Read Water Like a Stone Online
Authors: Deborah Crombie
Tags: #Mystery, #Thriller, #Suspense, #Contemporary
Annie closed her eyes and took a breath as the memories flooded back. The case had landed on her desk, one of many, and she’d seen enough abuse in her years as a social worker that at first she’d been predisposed to take the report at face value, a fact that now shamed
her. She’d held such power, to have taken it so lightly. If her findings had agreed with the doctors’, the Wains’ case would have gone to the civil courts. There, the family, marginally literate and with no funds for counsel, would have been helpless against the unlimited resources of the state and the testimony of so-called expert witnesses. It was almost certain that both Joseph and little Marie would have been taken into foster care, and possible that one or both parents would have faced criminal charges.
She had first interviewed the Wains aboard the
Daphne
. She’d been unexpectedly charmed by the boat, and by Rowan’s shy hospitality. The first niggle of doubt had crept in as she’d observed a mother whose devoted care of her son seemed in no way calculated to call attention to herself, a father who was surly to her but unfailingly gentle with the little boy. By this time, Joseph’s seizures seemed to have stopped, and neither parent displayed anything but heartfelt relief.
Although puzzled as she continued to visit the family, as she watched them time after time with their child, Annie became more and more convinced that the charges against them were unfounded. So she had gone with her instincts, but it had taken her months of investigation, of interviews, of sifting through medical records, to come up with the means to prove herself, and them, right.
Their nomadic life had made the process enormously difficult. They spent little time in one place, had no extended family, no intimate contact with others who could substantiate their accounts of little Joseph’s illnesses. But during one interview, Rowan told her about Joseph’s first seizure.
They’d been on the Grand Union Canal, below Birmingham, moored alongside several other boats. Gabriel had been on deck and Rowan in the cabin with the sleeping toddler when the boy had stiffened, his back arching, his arms and legs flailing. Then the child had gone limp, his skin turning blue. Rowan had lifted him, shaking him frantically while shouting to Gabriel for help.

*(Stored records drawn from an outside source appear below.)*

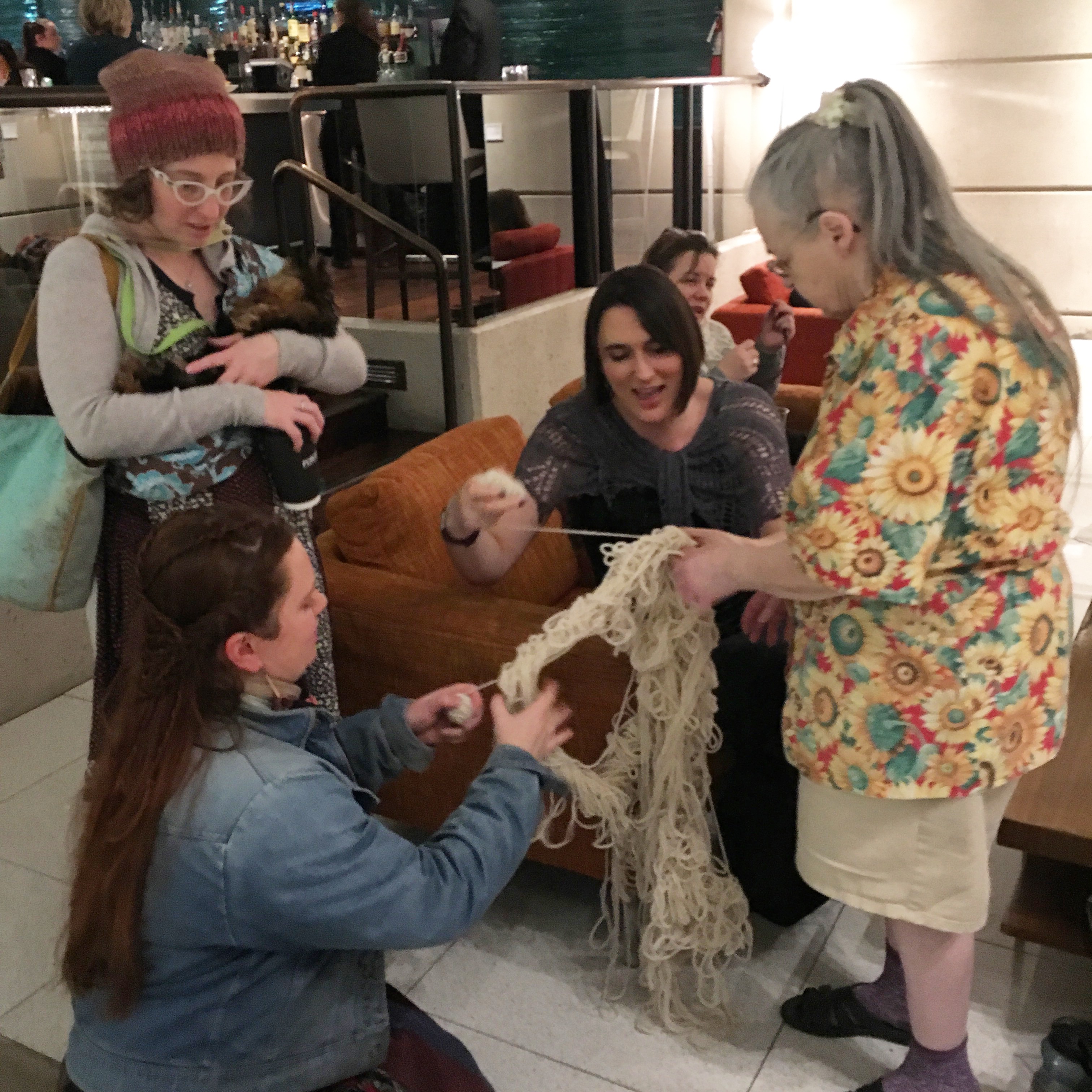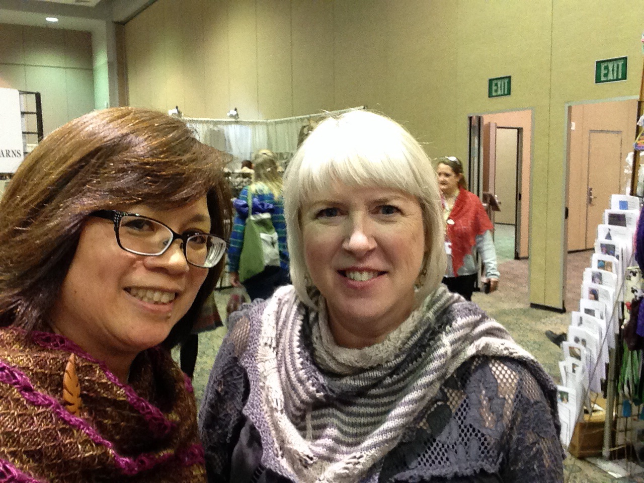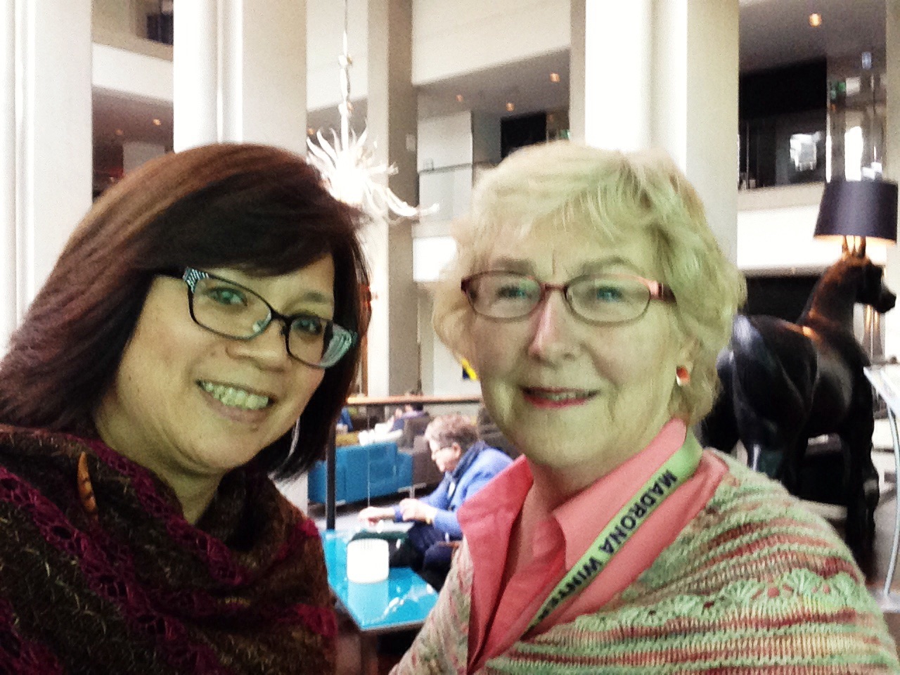 But Madrona isn’t just classes. There’s hang out time with other knitters/crocheters/spinners all over the hotel, and there are free demonstrations and workshops in the rotunda. The teacher talent show for charity helped raise over $12,000. And the market…
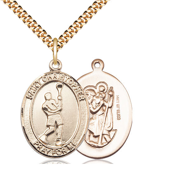 14kt Gold Filled St. Christopher Lacrosse Medal | Large
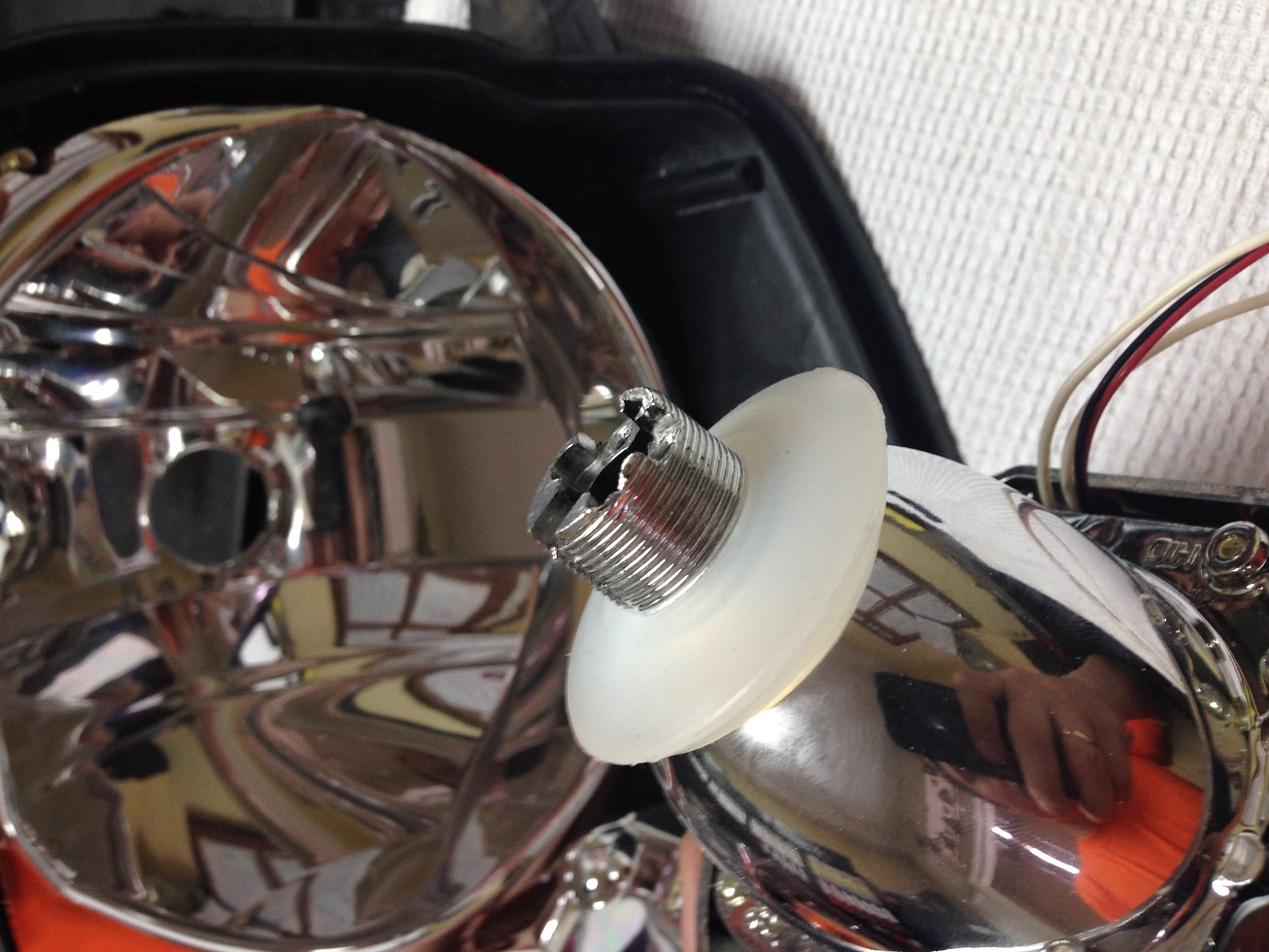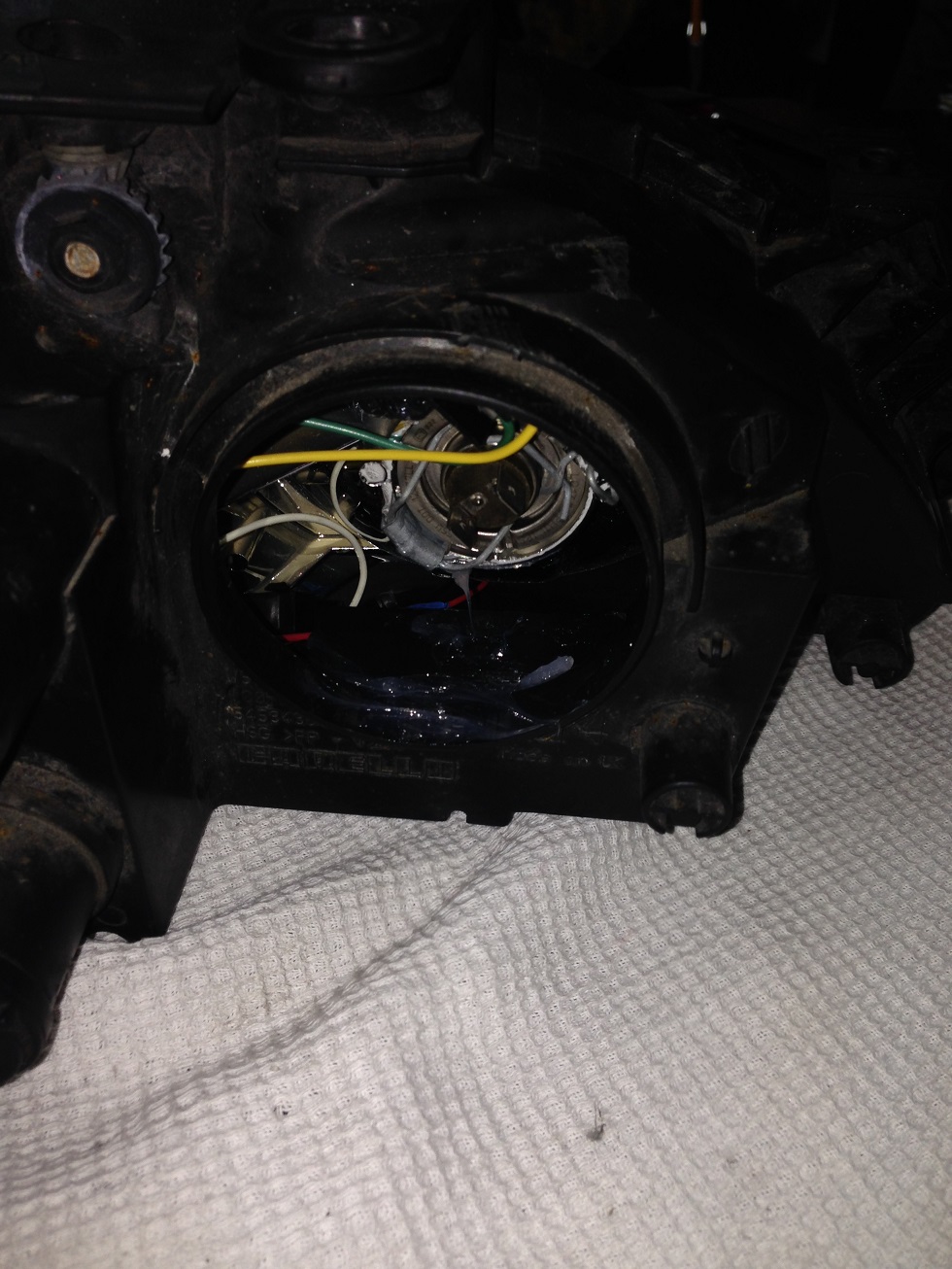 удалил два железных крепления стандартной лампы и просверлил отверстие в отражателе чтобы прпустить провода ангельского глаза,и шторки дальнего.
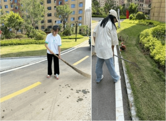 联合当地党群服务中心,助力社区卫生清洁。随着实践活动时间进入尾声,团队成员利用最后两天的时间联合党群服务中心社区物业人员在社区进行卫生清理志愿服务活动,为社区卫生打扫人员减轻负担,发挥青年人吃苦耐劳,服务社会的品质,致力于让社区环境更加美丽,得到了当地居民的一致认可。
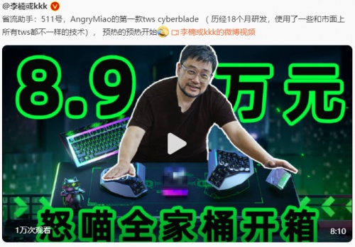 CYBERVERSE全家桶包含怒喵人体工学分体键盘 AM HATSU 艺术家 SHEK 手工涂绘做旧版、怒喵 CYBERMAT R2 无线充电魔毯等怒喵硬核科技产品,怒喵首款 TWS 耳机 CYBERBLADE 也在其中。不过,在本次开箱中,李楠并没有为我们直接展示 CYBERBLADE 的外观细节,只表示这是一款努力了十八个月、想要打败苹果的 TWS 耳机新品。
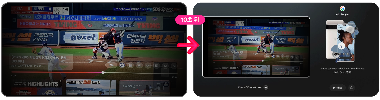- 영상 재생 중 일시정지를 누른 순간 광고 노출, 정지하는 동안 광고가 계속 표시되며 영상 재게시 강제 노출 효과
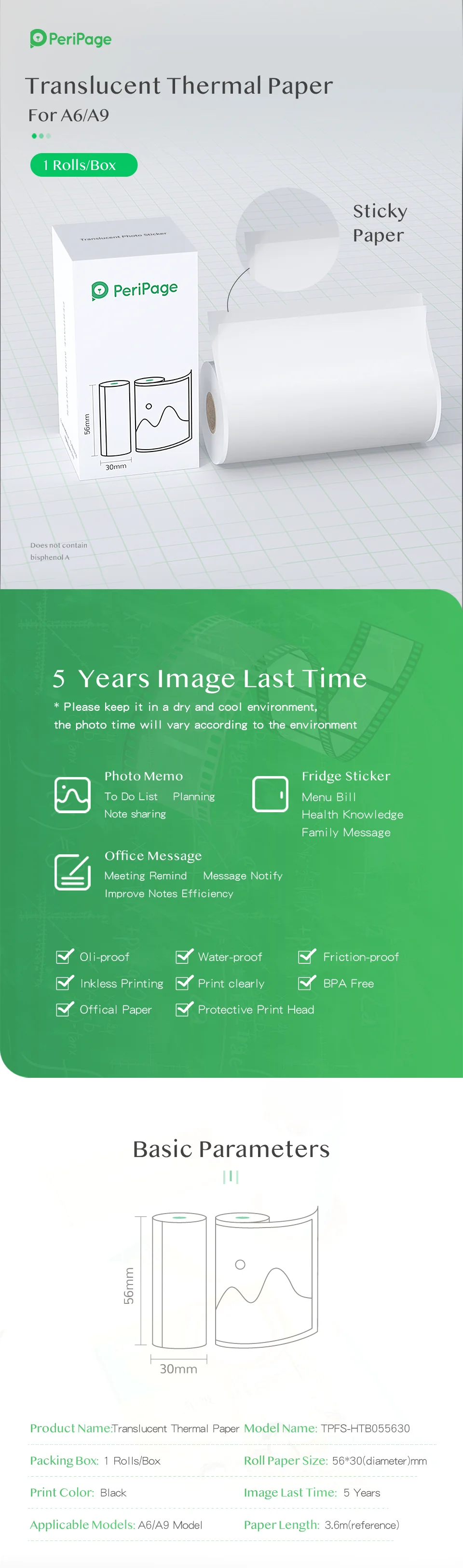 PeriPage 56x30 мм A6 термобумага этикетка бумажный стикер бумажная наклейка бумага для термокарманного мини-принтера A6 A8 Foto Papeles Termicos Etiqueta

Gabe had come plunging down the hatchway with Charlie, a quiet, lanky young man who drifted from one mooring to the next on an old Josher. But when Charlie saw the still child in Rowan’s arms, his indolence vanished. “Ambulance training,” he’d said shortly. Taking Joseph from Rowan, he’d laid him out on the cabin floor, and after checking his airway, had given the baby a quick puff of breath, then pressed on his chest. Once, twice, three times, and then Joseph’s body had jerked in a spasm and he’d begun to wail.
They had never run across Charlie again, however, and Rowan didn’t even know if he was still on the boats.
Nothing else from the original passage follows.